Drive(s) Read/Write error since switch from unraid.

MrYoshii

Cadet
Joined
Mar 19, 2023
Messages
9
My System:
  • Motherboard: Gigabyte B760 Gaming X AX DDR4
  • CPU: Intel Core I5 13500
  • RAM: Corsair Vengeance LPX 32GB (2 x 16 GB) DDR4 3200MHz
  • Hard drives, quantity, model numbers, and RAID configuration, including boot drives:
    4x ST8000DMZ04 1x ST8000VNZ04 RAIDZ1
  • Hard disk controllers: Adaptec ASR-72405
  • Network cards: onboard from MB

The Problem:
On the weekend, i moved from Unraid to Truenas Scale. I put all my data from my Backup back on the Array.
Overnight i did a Scrub Tasks.
In the morning, I saw a few massages via Telegram:
And this was the array status:
1679313084620.png

The one drive with no errors was the missing one.
Code:
HomeServer01, [20.03.2023 00:00]
TrueNAS @ HomeServer01 
 
New alerts:

  * Scrub of pool 'Array1_32TB' started.

Current alerts:

  * Scrub of pool 'Array1_32TB' started.

HomeServer01, [20.03.2023 00:04]
TrueNAS @ HomeServer01 
 
New alerts:

  * Pool Array1_32TB state is ONLINE: One or more devices has experienced an unrecoverable error.
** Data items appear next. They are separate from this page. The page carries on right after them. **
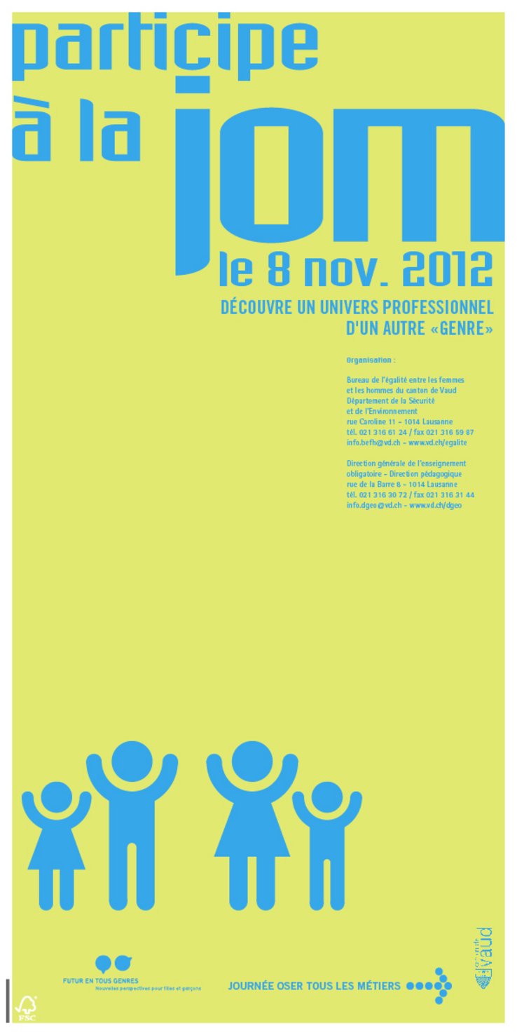 Organisée chaque 2e jeudi de novembre depuis 2003 par le Bureau de l'égalité entre les femmes et les hommes du canton de Vaud en collaboration avec la Direction générale de l'enseignement obligatoire (DGEO), la jom a déjà été suivie par plus de 116'500 enfants. Les élèves qui restent en classe ont eux aussi la possibilité de parler de leurs projets d'avenir et d'échanger sur l'égalité des sexes, notamment grâce aux activités proposées au corps enseignant par la DGEO, au matériel pédagogique "L'école de l'égalité" et aux documents de la mallette "Balayons les clichés".
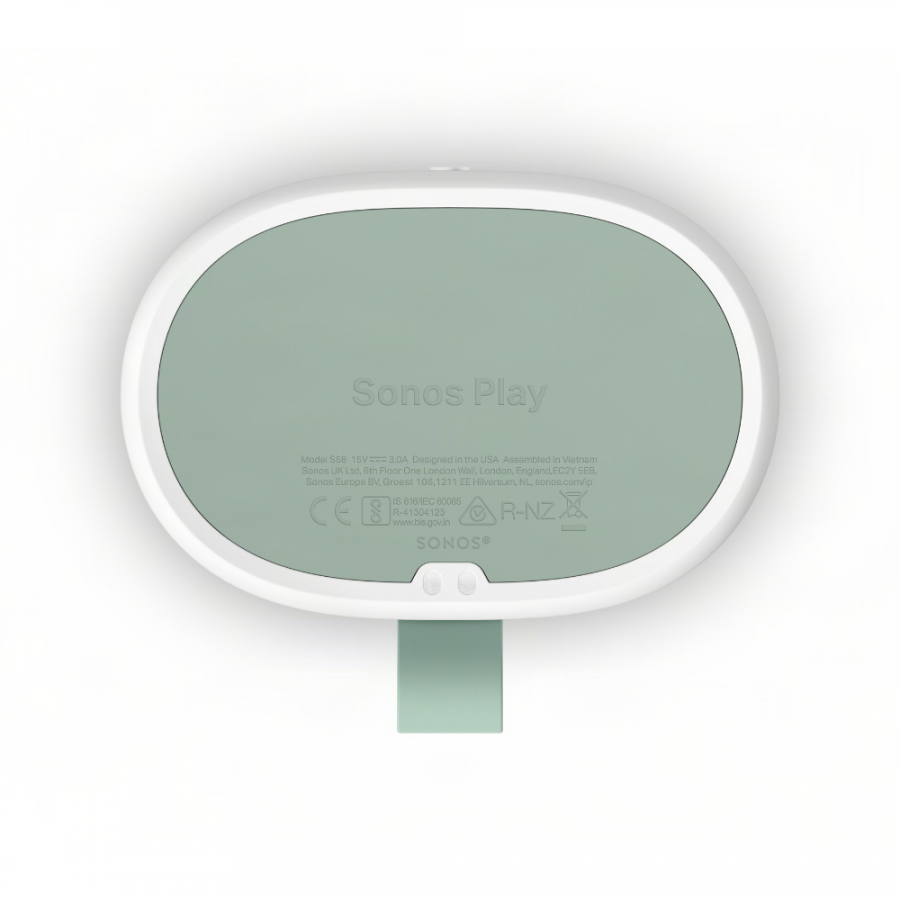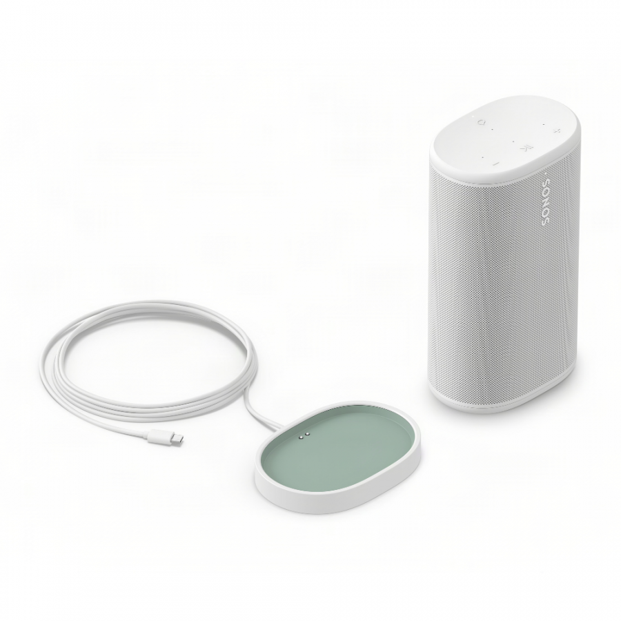 - Βάση φόρτισης: Η βάση φόρτισης που περιλαμβάνεται τοποθετεί το Sonos Play σταθερά στο σπίτι σας. Απαιτεί σύνδεση ρεύματος και συμβατό τροφοδοτικό USB-C/PD 18W ή μεγαλύτερο (πωλείται ξεχωριστά). Για χρήση σε εσωτερικό χώρο μόνο, δεν είναι σχεδιασμένη για χρήση σε εξωτερικές καιρικές συνθήκες
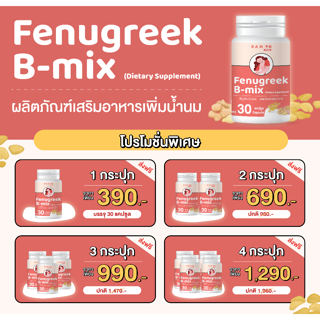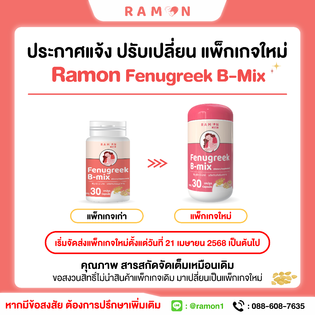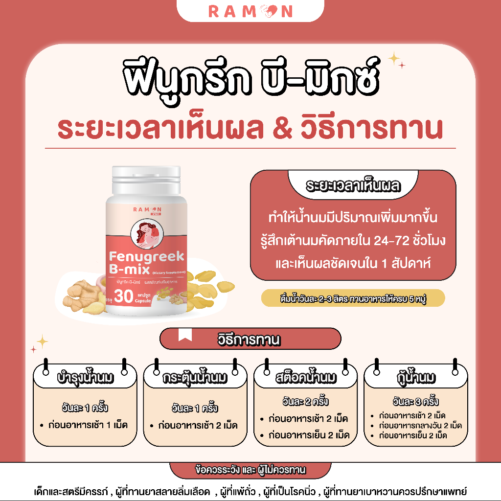Ramon | Fenugreek B-mix | ผลิตภัณฑ์เสริมน้ำนม | เหมาะสำหรับคุณแม่ที่น้ำนมน้อย | 1 กระปุก 30 เม็ด | ของแท้ 100%

An attempt was made to correct the error. Applications are unaffected.

Current alerts:

  * Scrub of pool 'Array1_32TB' started.
  * Pool Array1_32TB state is ONLINE: One or more devices has experienced an unrecoverable error. An attempt was made to correct the error. Applications are unaffected.

HomeServer01, [20.03.2023 00:05]
TrueNAS @ HomeServer01 
 
New alert:

  * Pool Array1_32TB state is DEGRADED: One or more devices has been removed by the administrator. Sufficient replicas exist for the pool to continue functioning in a degraded state. 
The following devices are not healthy:

    * Disk ST8000DM004-2U9188 WSC**** is REMOVED

The following alert has been cleared:

  * Pool Array1_32TB state is ONLINE: One or more devices has experienced an unrecoverable error. An attempt was made to correct the error. Applications are unaffected.

Current alerts:

  * Scrub of pool 'Array1_32TB' started.
  * Pool Array1_32TB state is DEGRADED: One or more devices has been removed by the administrator. Sufficient replicas exist for the pool to continue functioning in a degraded state. 
The following devices are not healthy:

    * Disk ST8000DM004-2U9188 WSC**** is REMOVED

HomeServer01, [20.03.2023 00:52]
TrueNAS @ HomeServer01 
 
New alerts:

  * Scrub of pool 'Array1_32TB' finished.

Current alerts:

  * Scrub of pool 'Array1_32TB' started.
  * Pool Array1_32TB state is DEGRADED: One or more devices has been removed by the administrator. Sufficient replicas exist for the pool to continue functioning in a degraded state. 
The following devices are not healthy:

    * Disk ST8000DM004-2U9188 WSC**** is REMOVED
  * Scrub of pool 'Array1_32TB' finished.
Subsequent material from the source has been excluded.